As much as I enjoy eating *fancy* or *unhealthy* things, at the end of the day, it’s nice to make something easy, fast, and somewhat healthy. Chicken is not my favorite protein by any means but I’ve been making it a lot for some reason. And I don’t hate it.
I was definitely on a fish kick for a while but I guess I’m on a chicken one now! While usually panko covered chicken is fried and turned into chicken katsu, this is a baked version!
- 2 large eggs
- ¼ cup honey mustard
- ¾ tsp kosher salt
- 1 pound boneless skinless chicken breast, cut into strips
- ¾ cup panko bread crumbs
- ¼ cup toasted sesame seeds
- Preheat oven to 375 degrees F.
- In a medium bowl, whisk eggs, honey mustard, and ½ teaspoon of salt. Mix in chicken, cover, and marinate for at least 15 minutes.
- In a separate dish, mix together the remaining ¼ teaspoon of salt, panko, and the toasted sesame seeds. When the chicken is done marinating, dip the pieces of chicken into the crumb mixture (one to two pieces at a time).
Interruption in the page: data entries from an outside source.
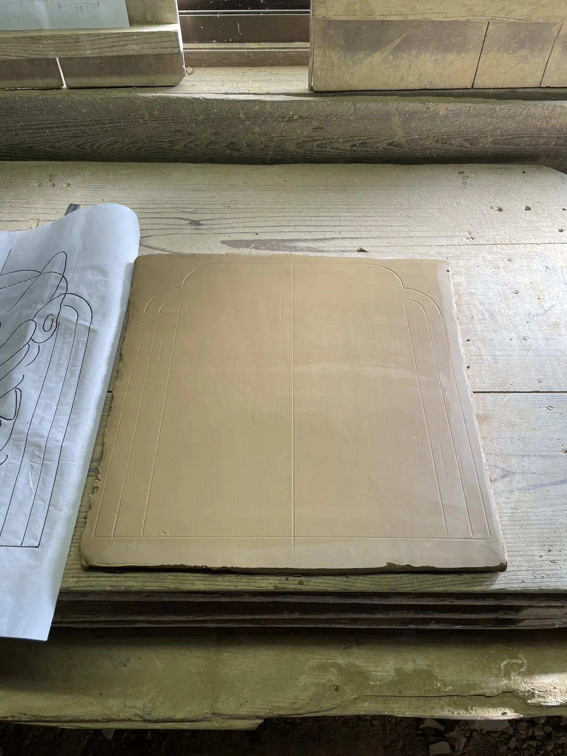 板状の粘土に図面を貼り付け、輪郭を竹ベラでなぞって粘土板に転写します。
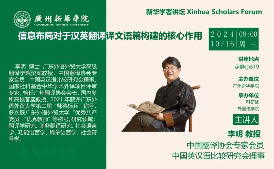 2024年10月16日上午,广州新华学院122cc太阳集成游戏顺利举办了题为《信息布局对于汉英翻译译文语篇构建的核心作用》学术讲座。此次讲座由广东外语外贸大学高级翻译学院资深教授李明主讲,旨在为英语和商务英语专业的本科生在汉英翻译实践中点拨迷津。讲座不仅强调了信息布局对于汉英翻译译文语篇构建的核心作用,还详细阐述在实际运用时所包含的具体细节。
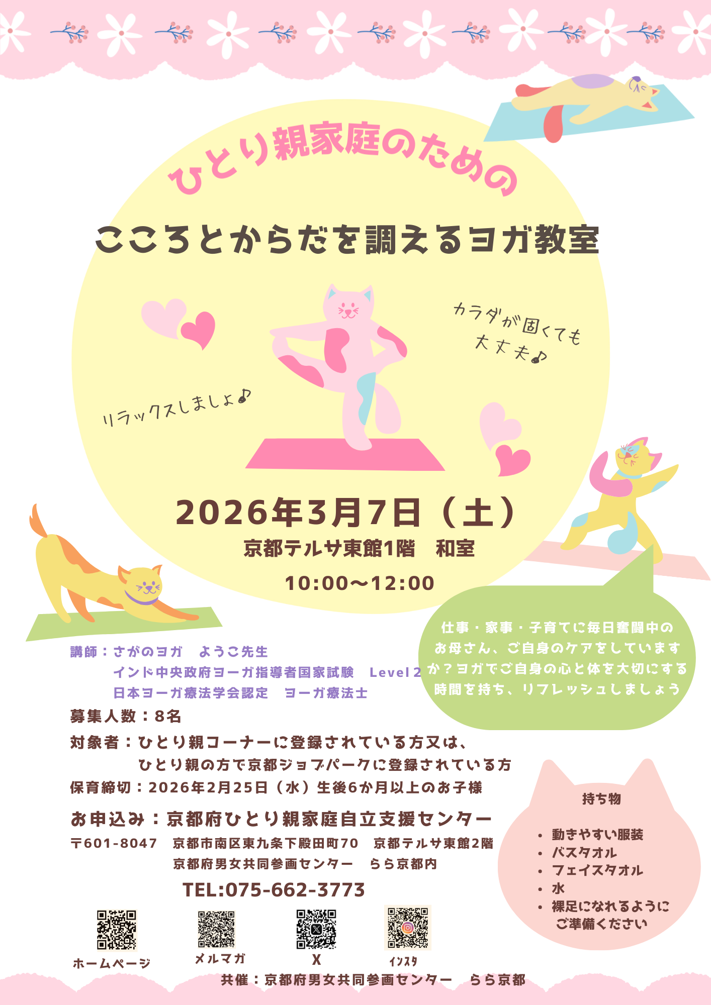 お母さん、ご自身のケアをしていますか?ヨガでご自身の心と体を大切にする時間を持ち、リフレッシュしましょう!
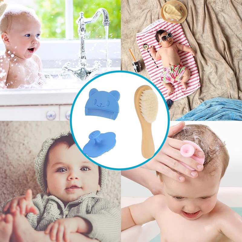 - 【contenido del producto】 : obtendrá 3 piezas de Cepillo Para bebé, que contiene un peine de oso azul, un Cepillo de oso Para lavar el cabello, y un Cepillo de lana (con mango de madera) que puede ser Para su hijo en el baño es traer comodidad
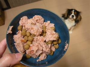 与える量が良くわからなかったので、缶の約1/4弱+ドライフードを少し混ぜました。
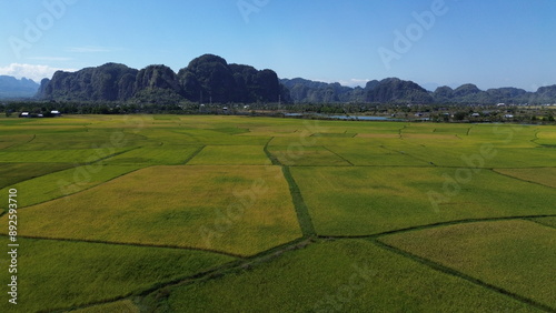 © Herwin Bahar, Fototapeta premium landscape with green ricefield and blue sky
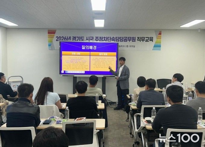 뉴스100 김동초 기자 | 이천시는 4월 23일, 24일 양일간 차량등록과 2층 회의실에서 경기도 11개 시군 주정차단속담당공무원 50명을 대상으로 도로교통법 및 주정차단속실무에 관한 직무교육을 실시했다고 밝혔다.
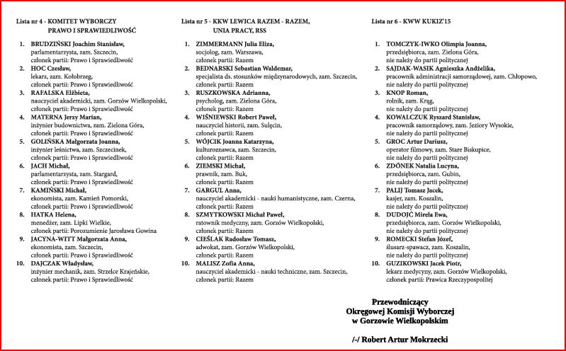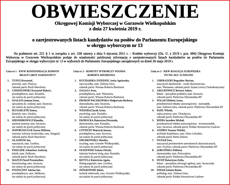 W najbliższą niedzielę od godziny 7.00 do godziny 21.00 odbędzie się głosowanie w wyborach posłów do Parlamentu Europejskiego. W okręgu 13 złożonym z mieszkańców województw lubuskiego i zachodniopomorskiego zarejestrowano sześć list kandydatów, po 10 nazwisk na każdej z nich. Poniżej prezentujemy Obwieszczenie Okręgowej Komisji Wyborczej w Gorzowie Wielkopolskim z dnia 27 kwietnia 2019 r. o zarejestrowanych listach kandydatów na posłów do Parlamentu Europejskiego w okręgu wyborczym nr 13. Pod obwieszczeniem odnajdą państwo także materiał wideo przygotowany przez Państwową Komisję Wyborczą dotyczący poprawnego oddania głosu. Przypominamy, że aby oddać głos ważny należy na karcie do głosowania postawić znak X przy nazwisku tylko jednego kandydata.
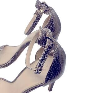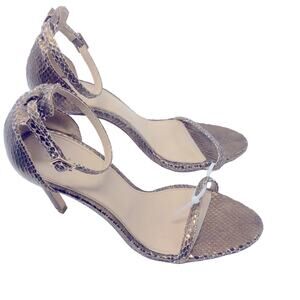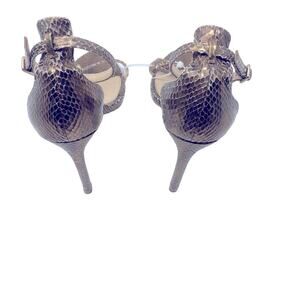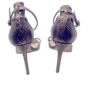Zara gold snakeskins strappy sandals. Signs of wear as pictured. Approximate 4” heel. Buckle strap closure.
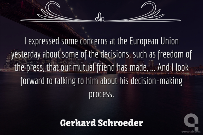 I expressed some concerns at the European Union yesterday about some of the decisions, such as freedom of the press, that our mutual friend has made, ... And I look forward to talking to him about his decision-making process.
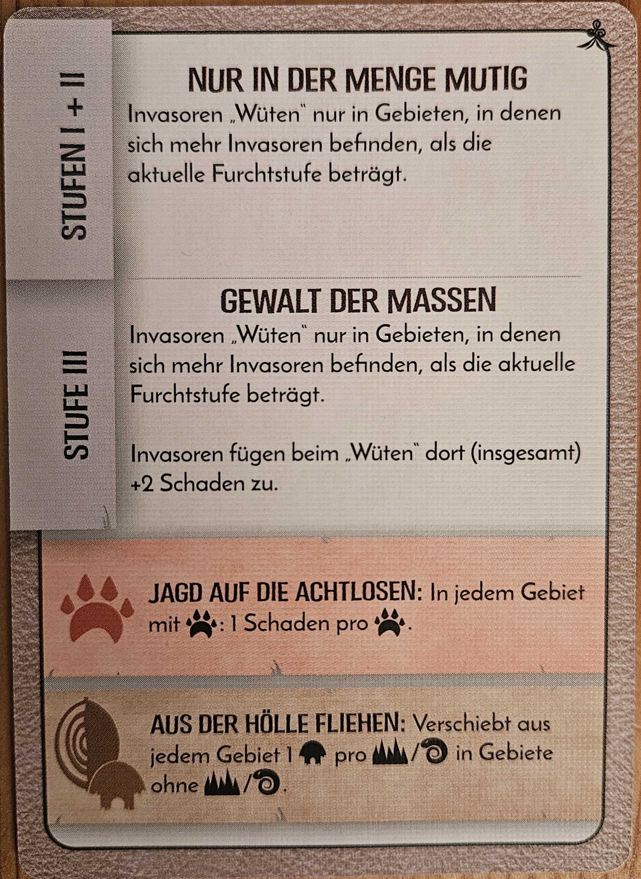 +3 Energie, +1 Tiersymbol, +1 Ödnis von SW3 nach SW4, 3 Karten ausspielen.
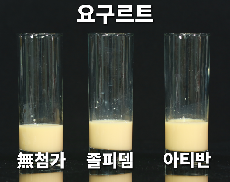 셋째, 요구르트다. 요구르트는 달달하기 때문에, 약을 넣어도 맛을 감춰줘 잘 알지 못할 것이라고 예상했다. 그러나 예상과 달리, 달달한 음료여서 오히려 쓴 맛이 잘 느껴졌다. 졸피뎀이 아티반보다 쓴 맛이 더 강하게 느껴졌다. 만약 달달한 음료인데도 쓴 맛이 느껴진다면 약물이 들어있는지 의심해볼 수 있다. 그러나 요구르트의 경우 색깔론 구별하기 힘들었다. 원래 요구르트 색깔로 전혀 차이가 나지 않앗다.
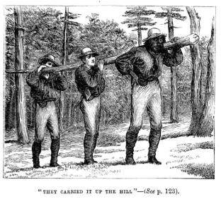 “Here, lend a hand and help us, you fellows!” said Paul to his cousins, as he and Harry went to assist their father and Mr Berrington, who, with their tutor and Sandy, were engaged in unloading the drays.
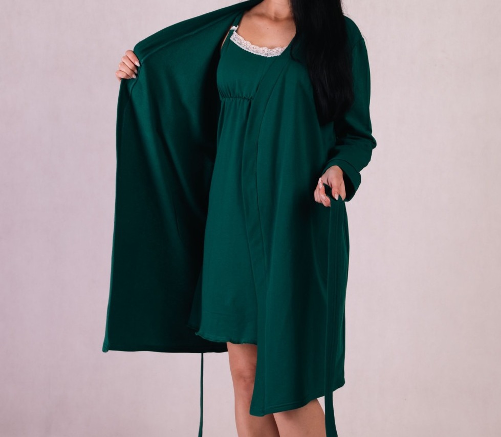 Халат на запах з довгим рукавом ,має дві кишені, і поясок. Брителі нічної на застібках.
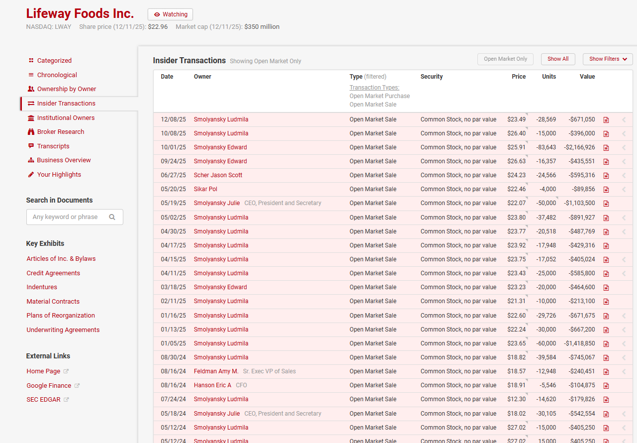 But there are no heroes on the other side. Edward and his mother have been pushing the company to sell itself for years…. is that because they believe a sale is the best course of action for Lifeway, or is it because they’re cash strapped? Lifeway claims that both of them are facing mortgage defaults and tax liens, and Ludmila in particular has been a consistent and aggressive seller of Lifeway stock over the past few years (all while waging an activist campaign centered on Lifeway being undermanaged and undervalued). It seems pretty clear they’ve been putting their own (liquidity) needs over what’s best for the business.
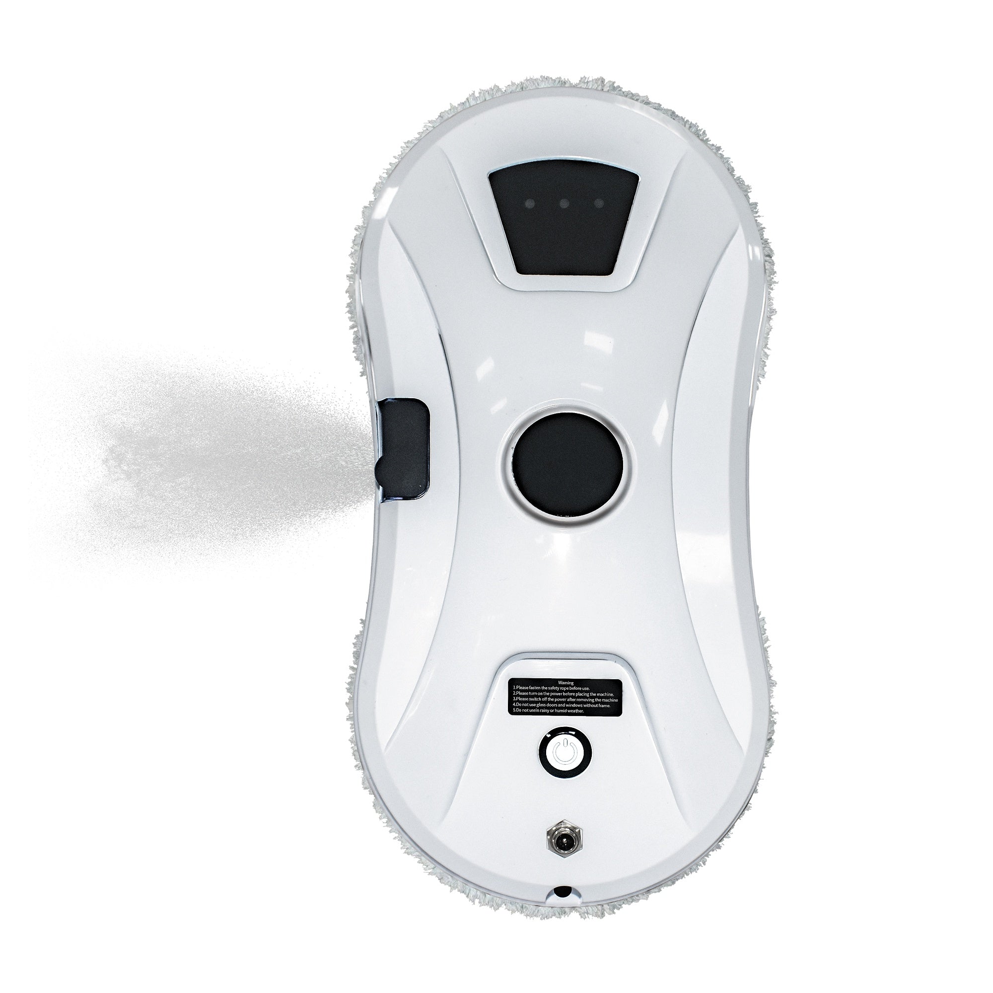 This automated cleaning unit features an oval-shaped body with a flat body and cleaning pads attached to the bottom. The top of the device includes a power button. A visible power port is located near the bottom edge of the body.
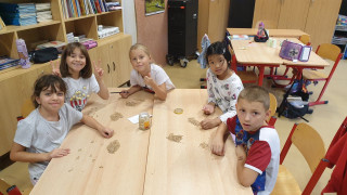 Pro toho, kdo je zvědavý, tak ve skleničkách bylo přibližně 4200 zrn. Počítali jsme ve skupinách - 4 skleničky. A jsme na sebe pyšní, že jsme to zvládli. Byla to ale fuška. Teď už ale máme lepší odhad, protože víme, jak to vypadá, když máme v hrsti 100 zrníček.
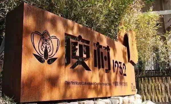 庾村,位于浙江德清縣莫干山的山腳下。村標(biāo)采用銹板雕刻,符合了工業(yè)時(shí)代復(fù)古的氣息,并融合了鄉(xiāng)村的元素。
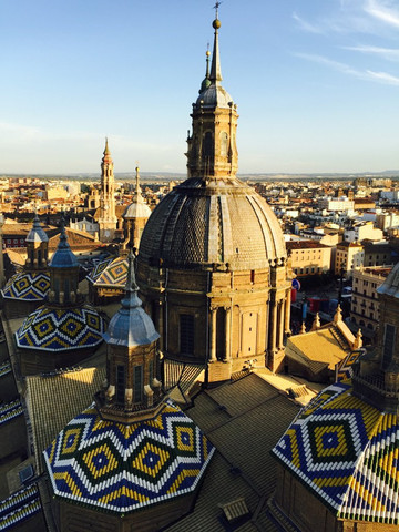 萨拉戈萨的皮拉尔教堂(又叫柱子教堂)有个传说,说圣母玛利亚曾经出现在教堂的一个柱子上。后来教堂里就有好多人去排队亲那个柱子。虽然也类似国内菩萨显灵的故事,但是二战时期有炮弹掉进教堂,真的没有爆炸,教堂也在战事中也出乎意料地保存完好。也许冥冥之中真的有神灵庇佑吧。这个教堂也挺漂亮的,我喜欢它简单素雅的配色,还听到了大妈唱诗,跟天籁似的,老好听了。
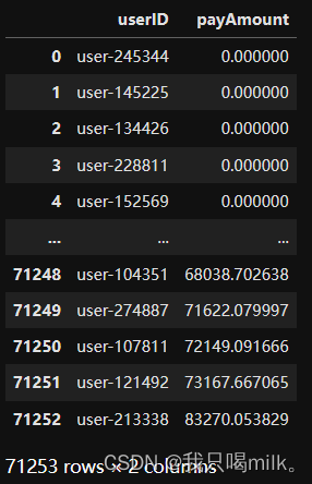 通过观察发现付款金额最小值为负数,此处应该为0才对,这个问题稍后处理。
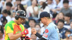[OSEN=창원, 이대선 기자] 21일 오후 경남 창원NC파크에서 ‘프로야구 2019 MY CAR KBO 올스타전’이 열렸다.2회초 무사에서 SK 김태훈이 로맥에게 거수경례를 하고 있다. /sunday@osen.co.kr

Coat all sides of the chicken and transfer to a baking sheet.
- Lightly spray the tops of the chicken strips with cooking oil and then bake for about 20 minutes, until lightly browned and cooked through.
- Let cool. Chop into 1-inch pieces.
To serve with the chicken, I made sauteed garlic broccolini. It would taste good with almost anything, though!